Это была и какая-то потупленность перед ним, какой Алексеев не знавал раньше, отношения были всегда простые.
Постоянно занятый делом, Алексеев не имел привычки ковыряться в своих чувствах. Но сейчас что-то тяжелило в груди непривычно, как посторонний предмет.
И понял Алексеев: вот что – как будто он чувствовал себя виноватым. Виноватым? Но в чём же он был перед царём виноват за эти дни? Он точно действовал, всё по закону, и ни одного приказа не отдал самовольно, кроме разве остановки полков: с Юго-Западного, так он и вызывал их сам; с Западного – так получил потом подтверждение от Государя. Ни одного приказа он не нарушил. Он честно всё делал. А напутал – Государь своим отъездом, скорее был виноват он.
А вообще – все события прошли мимо них обоих.
Так, да. А чувство вины – необъяснимо залегло. Залегло, и даже: не останется ли оно с отъездом Государя, вот что?
Когда сегодня пришло из Петрограда, что отъезд бывшего царя назначен на завтра, готовить поезда, а от Государственной Думы прибудет несколько депутатов для сопровождения, наконец-то, – Алексеев счёл неудобным такое важное известие передавать Государю запиской. Пошёл сам.
За эти дни равномерной жизни в Ставке и частых бесед с матерью Государь стал выглядеть намного спокойней, сгладилась ужасная врезанность черт, какая была при приезде. И даже такая светлость появилась в его облике, как будто он был даже доволен, как будто он не пережил катастрофы. Светлый взгляд – и безо всякого укора к Алексееву. Нет, Государь ничего не имел против своего бывшего начальника штаба.

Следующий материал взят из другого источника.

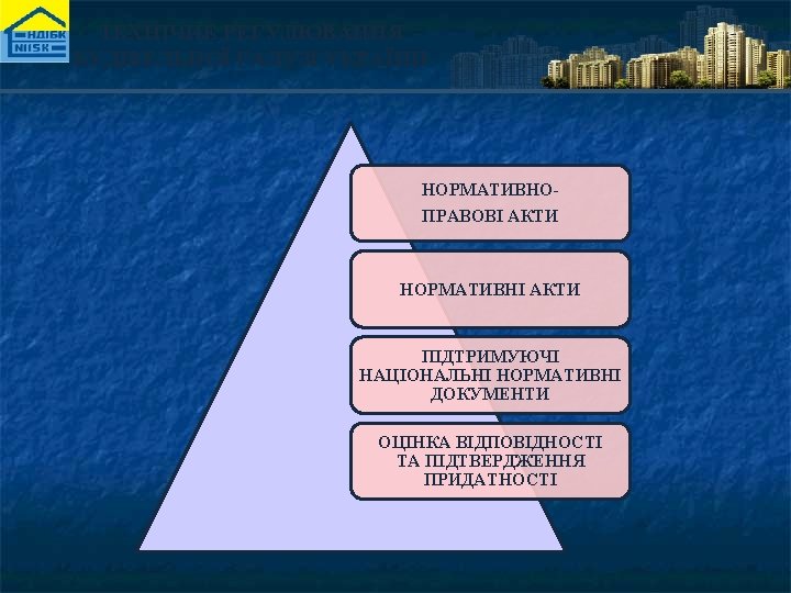 RELIABILITY REQUIREMENTS STANDATDIZATION DBN V. 1. 2 -11 -2008 – 11 • establishes requirements for the incorporation of durability parameters of construction products in the relevant regulatory documents • • • The requirements are implemented in the following building regulations: DBN V. 2. 6 -31: 2016 and DBN V. 2. 6 -33 and in regulatory documents as follows DSTU B V. 2. 6 -34: 2008, DSTU B V. 2. 6 -35: 2008 and DSTU B V. 2. 6 -36: 2008

Но именно поэтому не было духа у Алексеева отказать Государю в его последней просьбе, почти детской радости: издать прощальный приказ по Армии. Формально он не был уже Верховным пять дней, он был никто, и не мог такого приказа издать, – но каменное сердце нужно было, чтоб отказать. Уже отказал ему Алексеев в бредовой затее – брать отреченье назад, а уж это-то – можно? Государь – как ребёнок, хочет попрощаться.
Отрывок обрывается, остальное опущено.